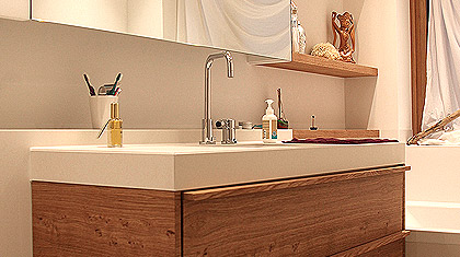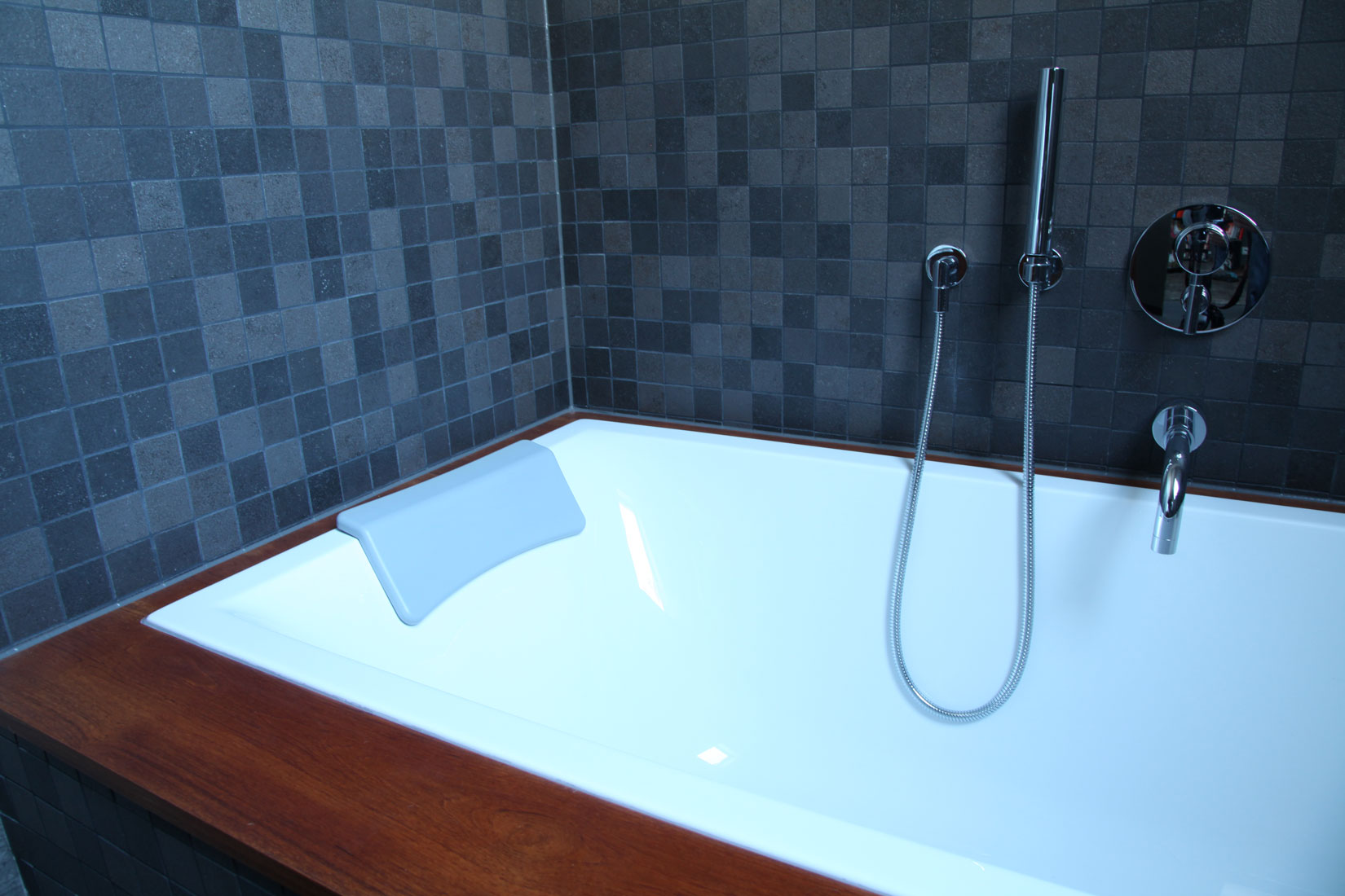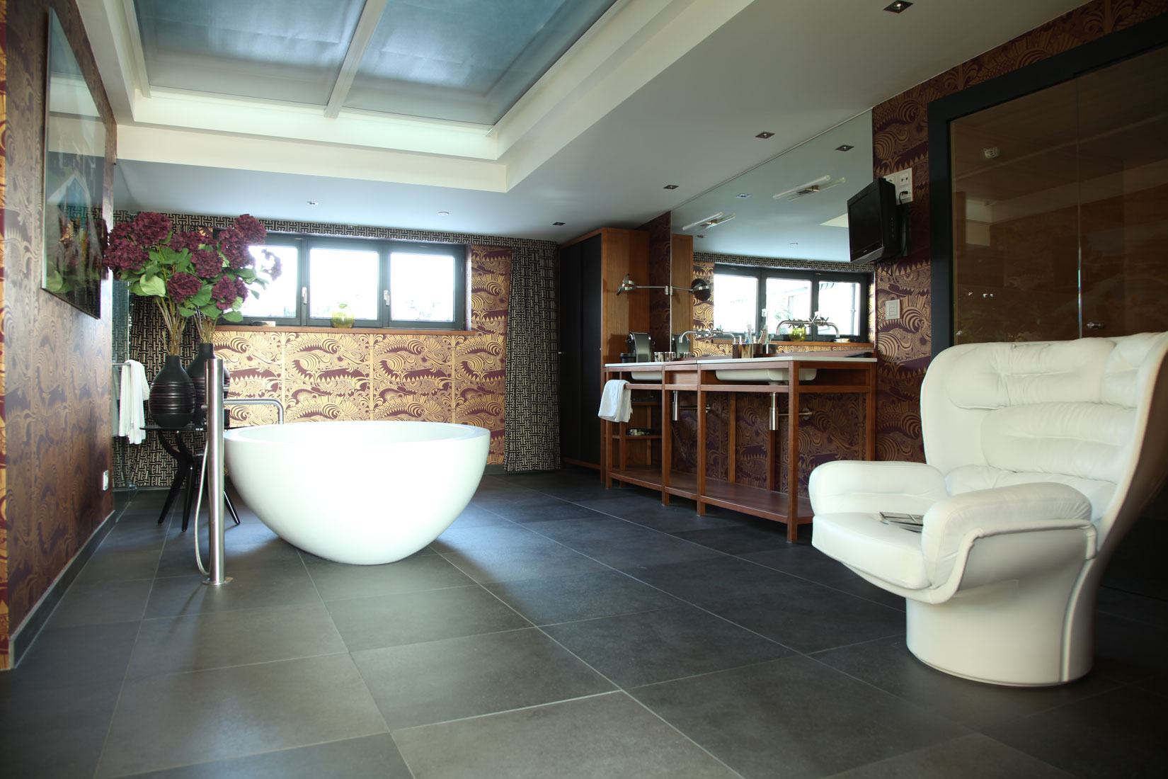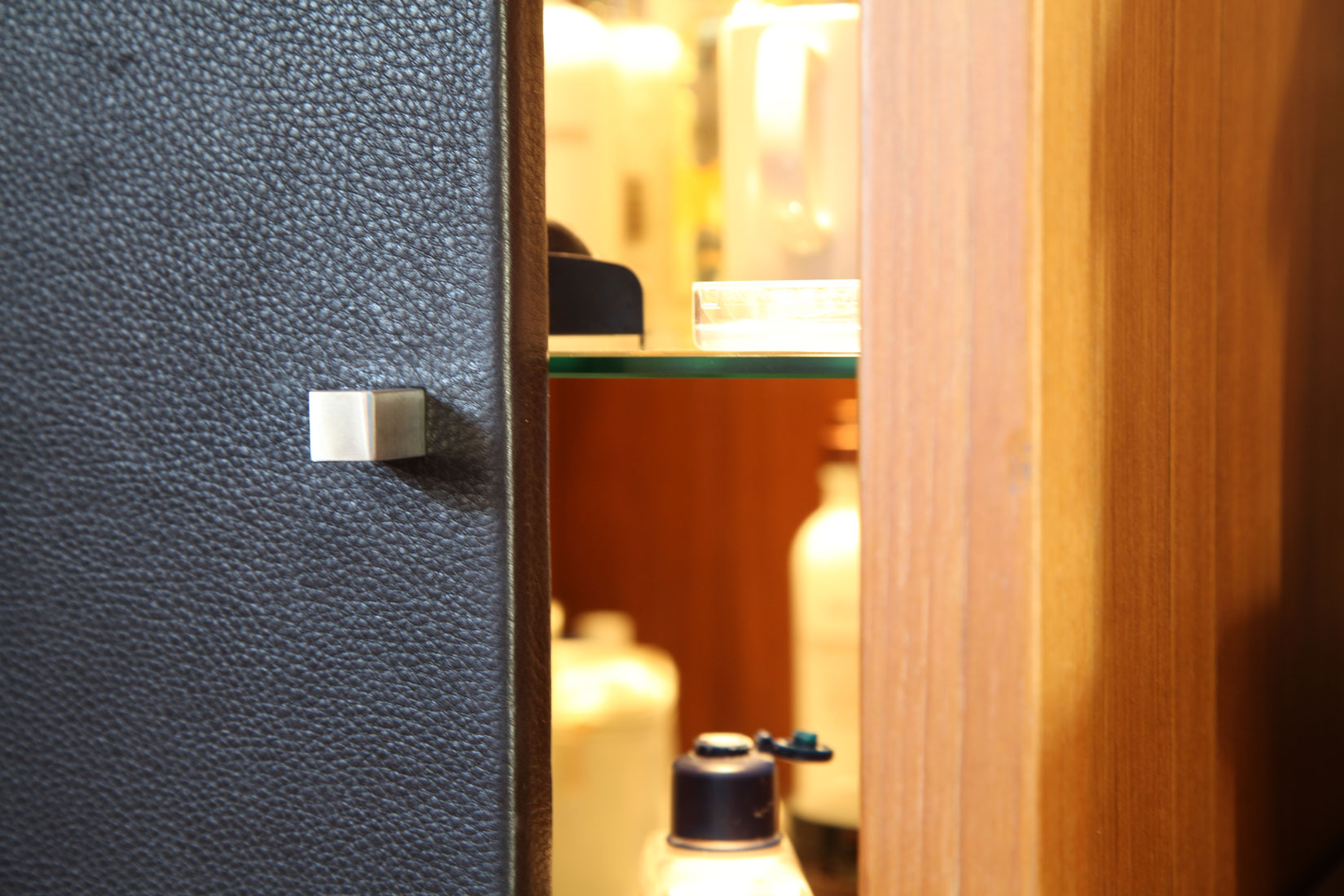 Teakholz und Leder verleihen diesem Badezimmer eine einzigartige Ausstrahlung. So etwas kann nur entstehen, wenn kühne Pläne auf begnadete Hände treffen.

________________________

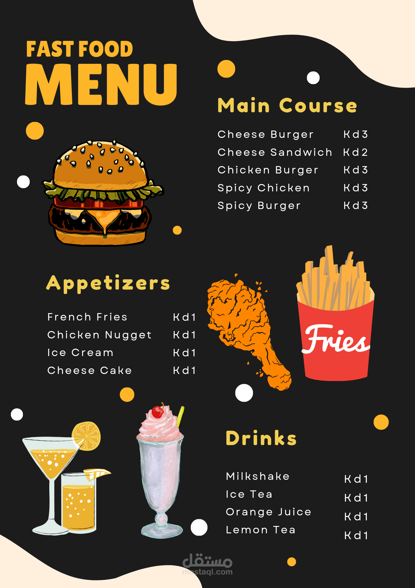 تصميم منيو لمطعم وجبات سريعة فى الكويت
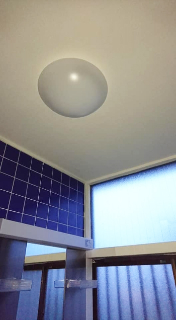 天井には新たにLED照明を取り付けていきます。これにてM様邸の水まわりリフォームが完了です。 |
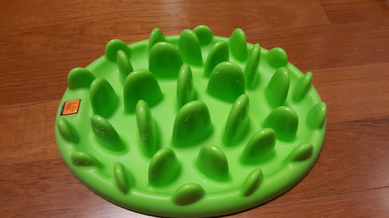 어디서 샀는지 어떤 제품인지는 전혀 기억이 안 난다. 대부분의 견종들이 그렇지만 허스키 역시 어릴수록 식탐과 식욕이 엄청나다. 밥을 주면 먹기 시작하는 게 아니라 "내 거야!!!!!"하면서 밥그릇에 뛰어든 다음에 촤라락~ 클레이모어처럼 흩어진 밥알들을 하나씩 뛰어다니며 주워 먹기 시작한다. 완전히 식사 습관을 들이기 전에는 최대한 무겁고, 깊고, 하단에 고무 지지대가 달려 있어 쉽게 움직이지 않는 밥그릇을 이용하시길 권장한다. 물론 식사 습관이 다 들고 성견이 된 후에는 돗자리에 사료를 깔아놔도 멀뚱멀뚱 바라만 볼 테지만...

________________________

Using the records above, return word for word the lines that begin at the one containing "تصميم منيو لمطعم وجبات سريعة فى الكويت" and end at the one containing "天井には新たにLED照明を取", both of them included and no pictures.

Solution to this exercise:
 تصميم منيو لمطعم وجبات سريعة فى الكويت
 天井には新たにLED照明を取り付けていきます。これにてM様邸の水まわりリフォームが完了です。 |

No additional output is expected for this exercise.